Institute of Cytology and Genetics of SD RAS, pr. Lavrentieva, 10, Novosibirsk, 630090 Russia, ak@bionet.nsc.ru
+Corresponding author
Keywords: structural and compositional features, 5′-untraslated regions, computer analysis, considerable asymmetry
Abstract
Computer analysis of the 5’untranslated regions (5’UTRs) of plant mRNA sequences is reported. In comparison with 3’UTRs, the nucleotide composition of 5’UTRs is characterized by a considerable asymmetry in the content of the complementary nucleotides (G/C and A/U) and a strong decrease in the frequency of AUG triplet. It has been also shown that mRNA 5’UTRs of dicot and monocot genes differ in a number of characteristics (length, nucleotide content, and context of translational start codon). Statistically, leaders of dicot mRNAs are A+U-rich sequences, and most of them (77%) vary in length between 11 and 120 nt; whereas 5’UTRs of monocot mRNAs are C-rich, and their lengths are mainly distributed between 40 and 120 nt (68% in analyzed sample). Consensus sequences of translational start contexts are aaaaaaaaaAaaAUGGCu for the dicot and ggggcggccA/GCcAUGGCG for the monocot mRNAs. AUG codon contexts in monocot mRNAs appeared to be considerably different from those in dicots by the occurrence of certain combinations of nucleotides in -3 and +4 positions around AUG. The doublet G-3/G+4 was found to be the most frequent combination in monocot mRNAs (35.3%), whereas the doublet A-3/G+4 was the most frequent in dicot mRNAs (35.9%).
1. Introduction
It is known that structural features of 5’UTRs can influence the translational efficiency of eukaryotic mRNAs1. A scanning model2 is generally accepted to describe the interaction between the majority of mRNAs and ribosomes in eukaryotic cells. According to this model, 40S ribosomal subunits recognize cap at the 5’mRNA end, bind to mRNA near 5’end, and migrate linearly in the 3’direction until they reach the first AUG codon in a favorable context. As was shown, several features of 5’UTRs are important for the mRNA translation:
(1) The nucleotide sequence, or context, surrounding the AUG codon. It is known that the efficiency of AUG codon recognition is modulated by the sequence context of the codon. For vertebrate mRNAs2, the most crucial positions are adenine at position -3 and a guanine at position +4 (where the A in AUG is numbered as +1), other positions seem to be less important. As for plant mRNAs, some researchers have concluded that the context of the initiation codon in plants is of minor importance3,4, while others have shown that it discriminates the level of initiation, similar to that in mammalian systems5,6. Exact role of nucleotides in different positions of the AUG context is still an open question7,8,9.
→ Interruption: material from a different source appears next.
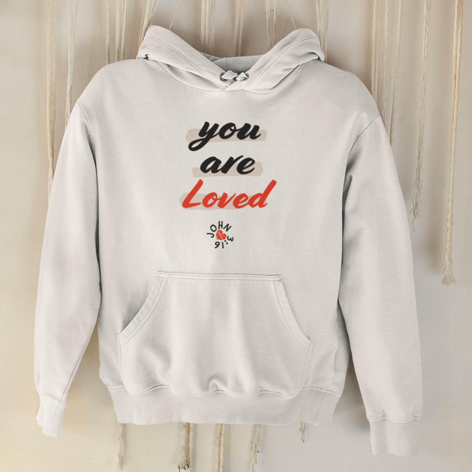 White "You are loved" unisex christian hooded sweatshirt

(2) Leader length. In general, longer leaders (e.g., 80 nt) result in higher translational rates in plant cells than shorter leaders (e.g., 10 nucleotides); however, mRNAs with leader sequence less than 10 nucleotides long can still be efficiently translated2,8.
(3) Secondary structure in the leader. Secondary structures and AUGs within 5’UTR hinder the scanning and, as a consequence, decrease translational efficiency of the mRNA. mRNAs with excessive secondary structure in their 5’UTR are discriminated against by the translational machinery and inefficiently translated in both plant and animal cells1,2,6,8.
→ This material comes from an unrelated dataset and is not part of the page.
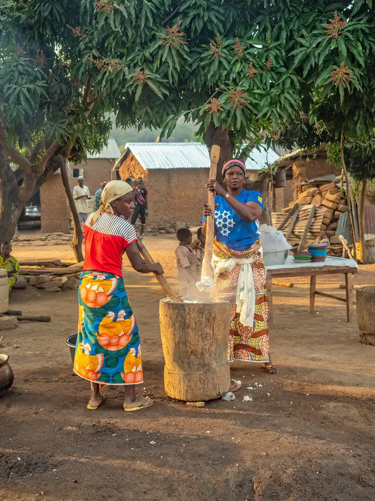 We will make our final visits in the area before continuing our journey to the Atakora Mountains, the highest point in Benin, where the landscape transforms into mountains and small valleys inhabited by various animist ethnic groups, particularly the Somba — known as adobe craftsmen.

(4) The presence of AUGs upstream of the main initiation site. Similar to the secondary structure, the introduction of alternative AUGs into 5’UTR reduces downstream translation1,2,8.
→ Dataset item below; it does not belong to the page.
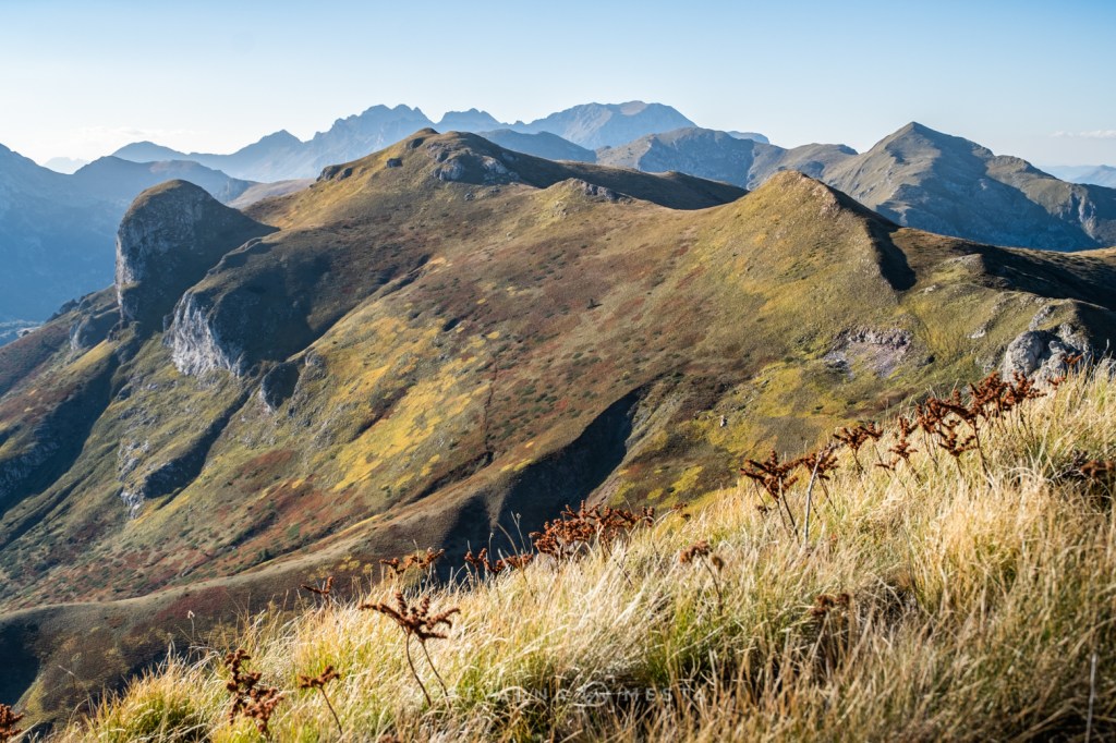 Zahvaljujući lakom terenu za kretanje, vremena će biti dovoljno zaključujem, te produžavam dalje ka Tomovoj glavi (2123m) i Biogradu (2100m). Ja na istok, sunce na zapad. Gorostastne Komove na horizontu uskoro će zameniti dugi venac Prokletija.

Only a small number of leader sequences of nuclear plant genes have been systematically compared10. Computer analysis of the sequences identified so far may be useful to reveal the 5’UTR features influencing the mRNA translational efficiency3,9,10,11. In this paper we report a detailed computer analysis of the 5’ leader regions of angiosperm plant mRNA sequences from the EMBL collection. The results obtained indicate significant difference between the features of angiosperm mRNA 5’ and 3’ untranslated sequences as well as between the dicot and monocot 5’UTRs. These data may be used for predicting mRNA UTRs in newly cloned sequences and optimizing structural characteristics of foreign genes to make their expression in dicot or monocot plants more efficient.
2. Materials and methods
Sequence data: The EMBL (Release 49) database was used for this compilation. Both full-sized (i.e., when genomic DNA clone was sequenced and the transcription start site was determined in experiments; sample D) and possible incomplete (i.e., when the cDNA clone was sequenced; sample R) 5’UTRs were extracted. Redundant sequences (>70%) were eliminated. Finally, database D comprised 479 sequences (including 333 of dicots and 121 of monocots) and database R comprised 3410 sequences (2475 of dicots and 748 of monocots). Databases D and R are available at http://wwwmgs/Dbases/NSamples/auto1.exe. A small database of mRNA 3’UTRs of plant genes (D3’) was also created. Trailer sequences were extracted from the same EMBL entries that were taken for the full-sized 5’UTR database (D). The total number of mRNA 3’UTRs analyzed was 315 (including 217 sequences of dicots; 82, of monocots).
Sequence analysis: To compare the general characteristics (distributions of lengths, nucleotide content) of mRNA UTRs of different taxa (dicots and monocots), we used the Kolmogorov-Smirnov test (K.-S. test). The 50/75 consensus rule12 was used to describe the AUG context consensus sequence.
3. Results and discussion
3.1. Length of 5’UTRs
Average lengths of the 5’UTRs is 98 nt for dicot mRNAs and 113 nt for monocot mRNAs. The distributions of the leader lengths of the dicot and monocot mRNAs appeared significantly different (P<0.05 according to K.-S. test). The length of the most of 5’UTRs of dicot mRNAs (77%) varied between 11 and 120 nt. In the case of monocots, the lengths of the 68% of the 5’UTRs varied from 40 to 120 nt.
3.2. Nucleotide content
Nucleotide content of the 5’UTRs of dicot and monocot mRNAs is reported in Table 1.
Table 1
Average nucleotide content in the untranslated sequences of mRNAs of dicot (Dc) and monocot (Mc) mRNAs (samples R and D3’)
5’UTRs |
3’UTRs |
|||
Taxon |
Dc |
Mc |
Dc |
Mc |
A |
32.1 |
23.4 |
29.9 |
26.1 |
G |
15.7 |
23.5 |
17.0 |
22.2 |
C |
22.7 |
33.2 |
14.4 |
19.9 |
U |
29.5 |
20.0 |
38.5 |
31.8 |
A+U |
61.6 |
43.3 |
68.5 |
57.9 |
A+U/G+C |
1.80 |
0.85 |
2.24 |
1.42 |
According to these results, there is a considerable difference between the nucleotide content in dicot and monocot mRNA leader sequences: 5’UTRs of dicot mRNAs are A+U-rich sequences, whereas those of monocot mRNAs are mainly C-rich. Thus, the A+U-richness of plant mRNA leaders showed previously10 is a characteristic feature of dicot 5’UTRs only.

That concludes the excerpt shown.